Work instruction: Write out exactly the lines of the entries below from the one holding "Notebook shown with" to the one holding "Methods to determine", inclusive, and leave out all other lines.

Data extracts:
===============

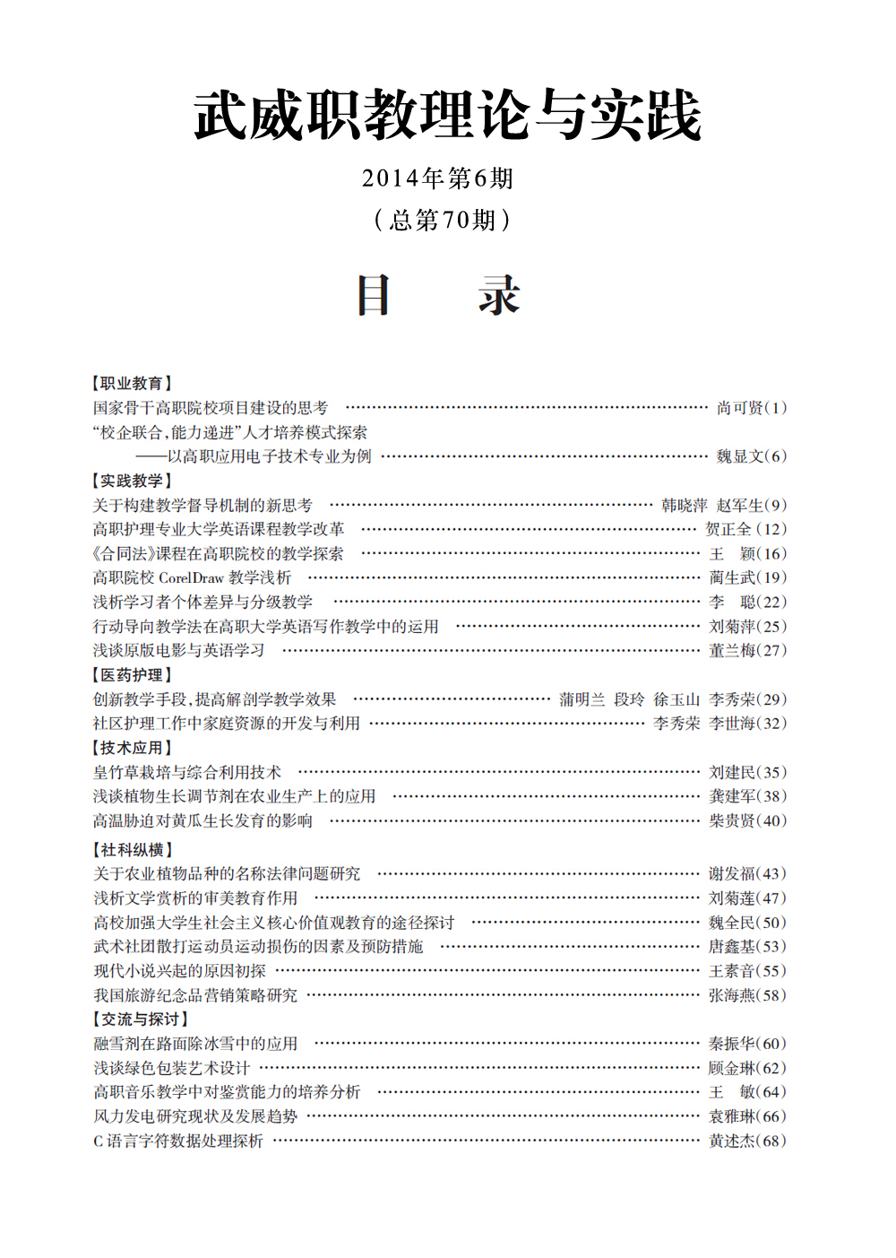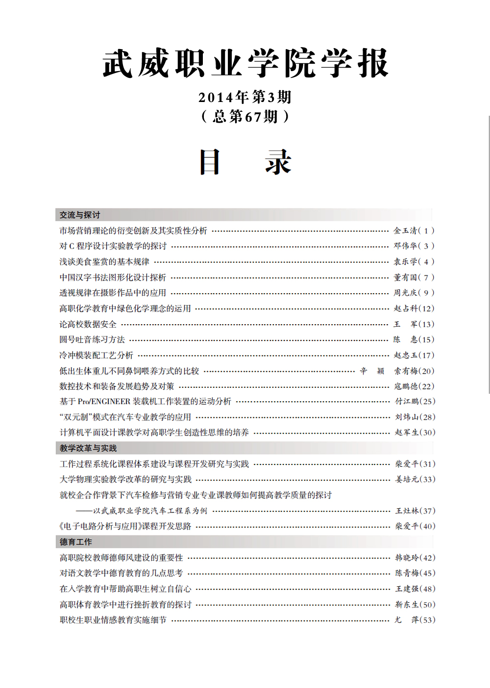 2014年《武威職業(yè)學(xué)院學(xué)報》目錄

===============

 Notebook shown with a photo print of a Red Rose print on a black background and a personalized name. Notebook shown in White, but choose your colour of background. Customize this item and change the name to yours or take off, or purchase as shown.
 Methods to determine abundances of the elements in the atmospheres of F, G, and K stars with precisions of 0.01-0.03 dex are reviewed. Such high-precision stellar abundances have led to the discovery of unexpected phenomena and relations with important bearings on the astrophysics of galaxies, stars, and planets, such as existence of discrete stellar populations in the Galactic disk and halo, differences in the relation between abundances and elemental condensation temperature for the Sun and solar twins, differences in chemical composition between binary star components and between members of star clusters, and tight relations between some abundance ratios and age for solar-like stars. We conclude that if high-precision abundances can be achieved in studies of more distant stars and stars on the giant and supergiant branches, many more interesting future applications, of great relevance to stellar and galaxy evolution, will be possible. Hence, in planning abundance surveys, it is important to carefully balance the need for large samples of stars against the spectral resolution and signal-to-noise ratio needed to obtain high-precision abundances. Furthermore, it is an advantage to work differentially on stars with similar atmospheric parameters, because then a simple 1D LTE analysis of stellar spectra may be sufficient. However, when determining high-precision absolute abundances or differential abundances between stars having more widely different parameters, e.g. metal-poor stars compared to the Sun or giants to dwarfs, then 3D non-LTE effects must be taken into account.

===============

Finished exercise:
 Notebook shown with a photo print of a Red Rose print on a black background and a personalized name. Notebook shown in White, but choose your colour of background. Customize this item and change the name to yours or take off, or purchase as shown.
 Methods to determine abundances of the elements in the atmospheres of F, G, and K stars with precisions of 0.01-0.03 dex are reviewed. Such high-precision stellar abundances have led to the discovery of unexpected phenomena and relations with important bearings on the astrophysics of galaxies, stars, and planets, such as existence of discrete stellar populations in the Galactic disk and halo, differences in the relation between abundances and elemental condensation temperature for the Sun and solar twins, differences in chemical composition between binary star components and between members of star clusters, and tight relations between some abundance ratios and age for solar-like stars. We conclude that if high-precision abundances can be achieved in studies of more distant stars and stars on the giant and supergiant branches, many more interesting future applications, of great relevance to stellar and galaxy evolution, will be possible. Hence, in planning abundance surveys, it is important to carefully balance the need for large samples of stars against the spectral resolution and signal-to-noise ratio needed to obtain high-precision abundances. Furthermore, it is an advantage to work differentially on stars with similar atmospheric parameters, because then a simple 1D LTE analysis of stellar spectra may be sufficient. However, when determining high-precision absolute abundances or differential abundances between stars having more widely different parameters, e.g. metal-poor stars compared to the Sun or giants to dwarfs, then 3D non-LTE effects must be taken into account.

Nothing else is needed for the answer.